I've been working in the remodeling industry full time for the better part of the last 35 years and self employed for the last 19 years and worked my way through college as a carpenter before 8 years in a professional capacity before I figured out I like being a carpenter more than a social worker. 
So, I got a pretty full range of skills and experience. Recently, a tree fell on my rental property after a windstorm and I've been in a pissing match with the insurance company to pay for the fix which included 5k for a TPO roof replacement on a low slope section of roof and the insurance company was only going to pay $1500.00 for. Thus the pissing match. But it also meant I had to go with the least expensive roofer I could find in case I had to eat the cost instead of using my usual roofing sub that I trust and we have worked together for years. So, they installed the TPO and they did a questionable application of the TPO onto an existing, double walled 6" hot furnace flue that is through the roof (see attached pics). I asked for a correction on it and they assured me this is the way it's done.
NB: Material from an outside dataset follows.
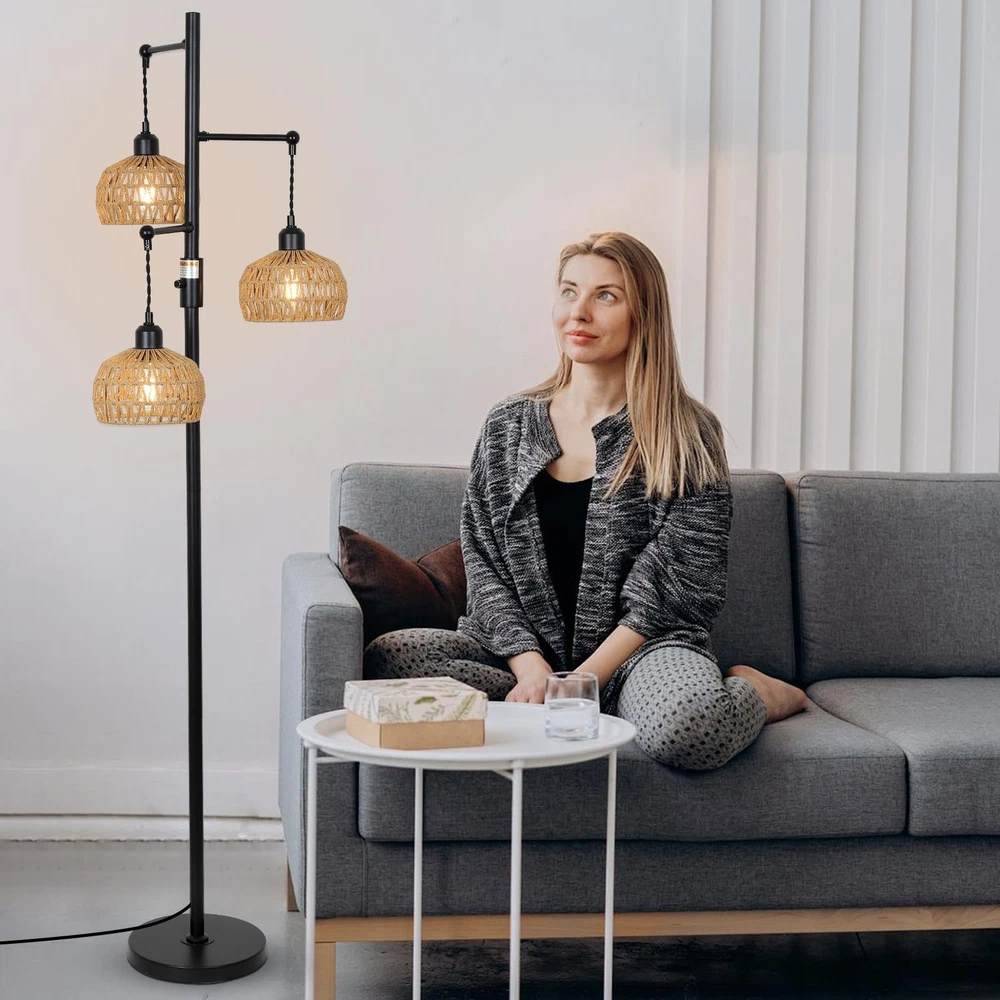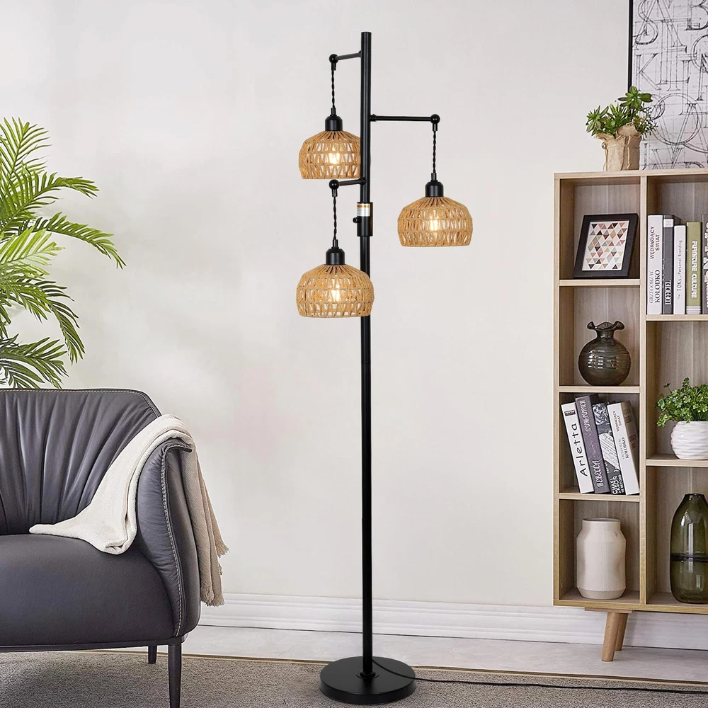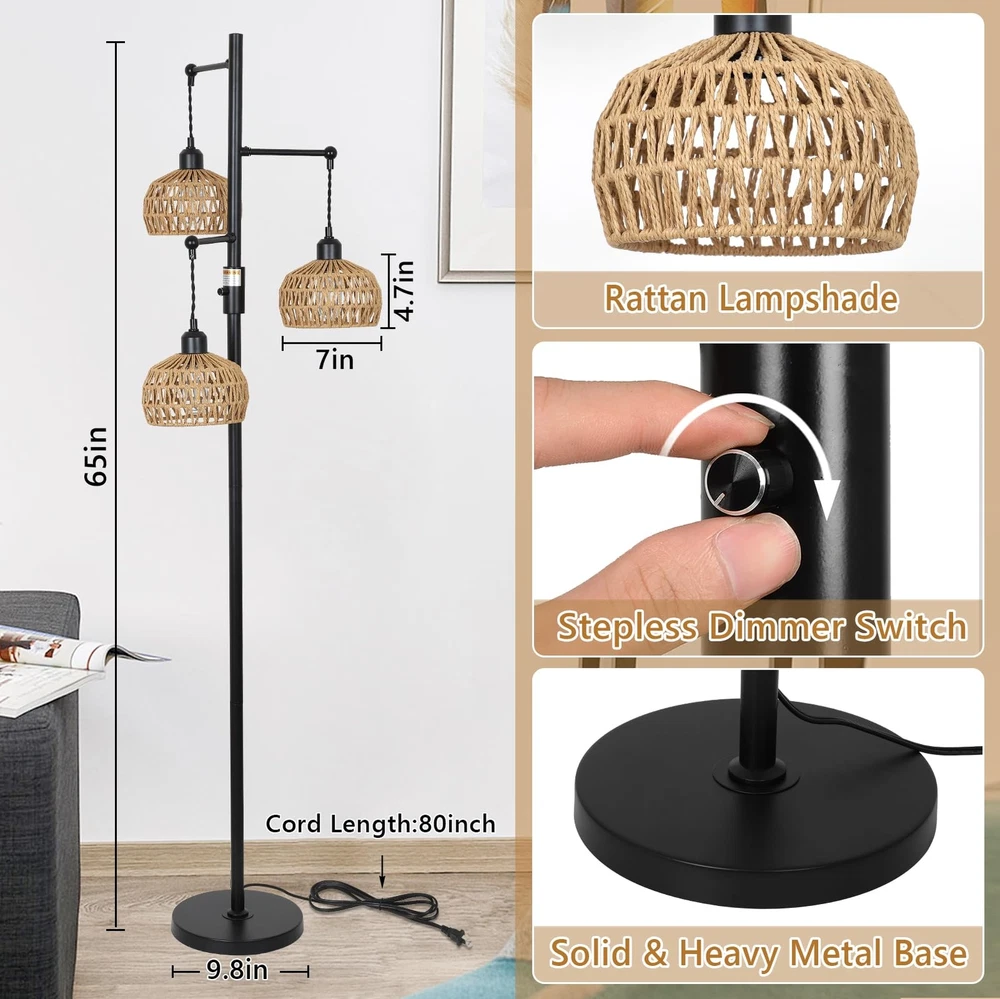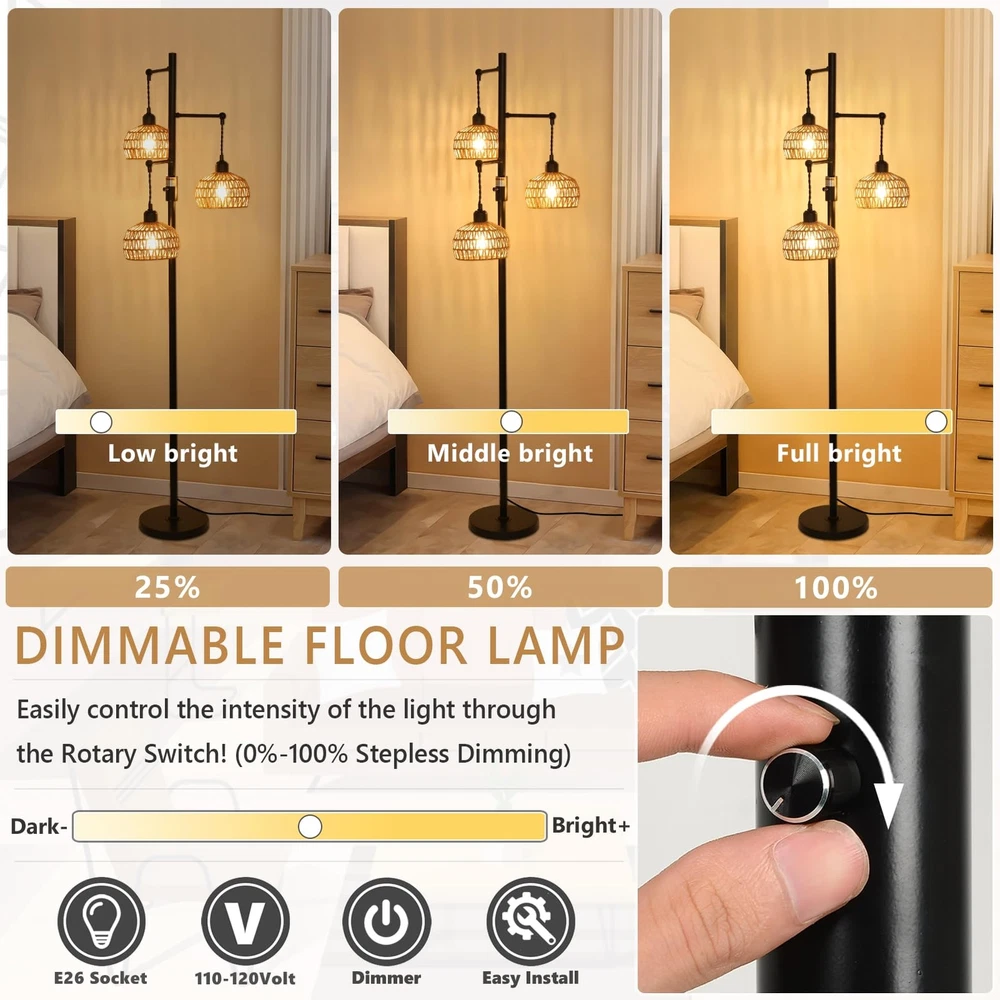 【Upgraded Stepless Dimmable Floor Lamp】Unlike the traditional non-dimmable floor lamps for living room, our boho floor lamp is fully Stepless Dimmable. Just simply twist the dimmer and then you can adjust the rattan floor lamp in the brightness range of 0 to 100% according to the needs of different scenes. Match for any indoor areas which including Living Room, Bedrooms, Dining room, Nursery, Office, Corridor, Basement, Sofa Corner and Reading Room. 【Natural Rattan Shade & Reinforced Base】This farmhouse floor lamp comes with 3 hand-woven rattan lampshades: Natural, Good light transmission and Soft light. Reinforced metal base: Made of non-slip material to ensure that it is stable enough and resistant to tip over, ensuring the safety of your home. Whether you install this rustic bohemian floor lamp in any room of home, you will be immersed in the warmth of the light and the wonderful ambience to enjoy! 【E26 UL Socket & Easy Installation】This 65inch rustic floor lamp is equipped with 3 E26 UL sockets, compatible with led, cfl, incandescent, tungsten and halogen bulbs (Bulbs Are Not Included, Max 40W, Dimmable Bulbs Only). We will provide you with detailed instructions and all the parts, so this floor lamp for bedroom can be easily assembled without any tools, you just need to follow the instructions to screw all the parts together. 【Ideal Choice & Safety Promise】3-Light design of this vintage floor lamp will bring a strong enough light to your home in all directions. All sockets, wires and switch of this farmhouse floor lamps for living room has passed UL certification, safe and reliable. 89inch long cable allows you to move this black floor lamp indoors at will. This unique floor lamp is ieal for your friends or family as a Christmas, birthday, housewarming, holiday suprise. 【24 Months Professional Service】√has been deeply involved in the lighting industry for more than 10 years and has a professional after-sales team. √We promise to provide you with 24-month parts replacement service. √If you have any questions about the tall tree floor lamp, we will provide you with professional services.

But at a minimum, I am not convinced it is:
1. Not a fire hazard 
2. Has potential to leak where it's taped onto to hot flue. 
I have done TPO and PVC on my own jobs with my other roofing sub and am confident they would do something different. But my sales rep through them is on sick leave for a bit and I need to resolve this to get reimbursed from the insurance company. I'm inclined to think I should build a faux chimney wrap around it with the TPO run up the sides with flashing over the lip and a cricket on the up hill side of it.
What do folks here think about the way they did this application on the hot flue?


----------



## TitanRoofing (Jul 1, 2019)

The method is proper, but the execution is very poor quality. 


>>You are correct about improper termination at the top. It should have a pipe clamp with TPO caulking on top.

>> Pipe wrap should have transitioned onto the deck with a minimum 1/2" weld. It looks like it was done in field membrane instead of unsupported/non reinforced membrane, which is what's meant for the detail work (Field membrane has a fabric scrim that makes it impossible to heat and stretch to make that transition). Really, it's just poor quality, poor craftsmanship and should be redone. The odd patch in the middle tells me they didn't measure correctly or lack the skills to properly flash a cone pipe like that. It should have been a one piece wrap that welds onto itself rather than getting tied together by that patch. 

>> If it's a mechanically attached system, it should have plates and screws to terminate at the pipe ( I don't see them, but they might be there). 

>> I don't see cut edge sealant around the target. If the field membrane gets cut, it exposes the fabric scrim that will absorb water over time and lead to premature system failure. Anything thats been cut, needs cut edge applied to it. 

I'm in WA also, so I know this market well. $1500 is an extremely low bid for any single ply work. I just did a 12 square recover for $39.5k. Flat roofing is skilled labor and needs to be done properly and we get compensated well because of it.If you're unfamiliar with any of the terms, just google search it and everything will make sense.


----------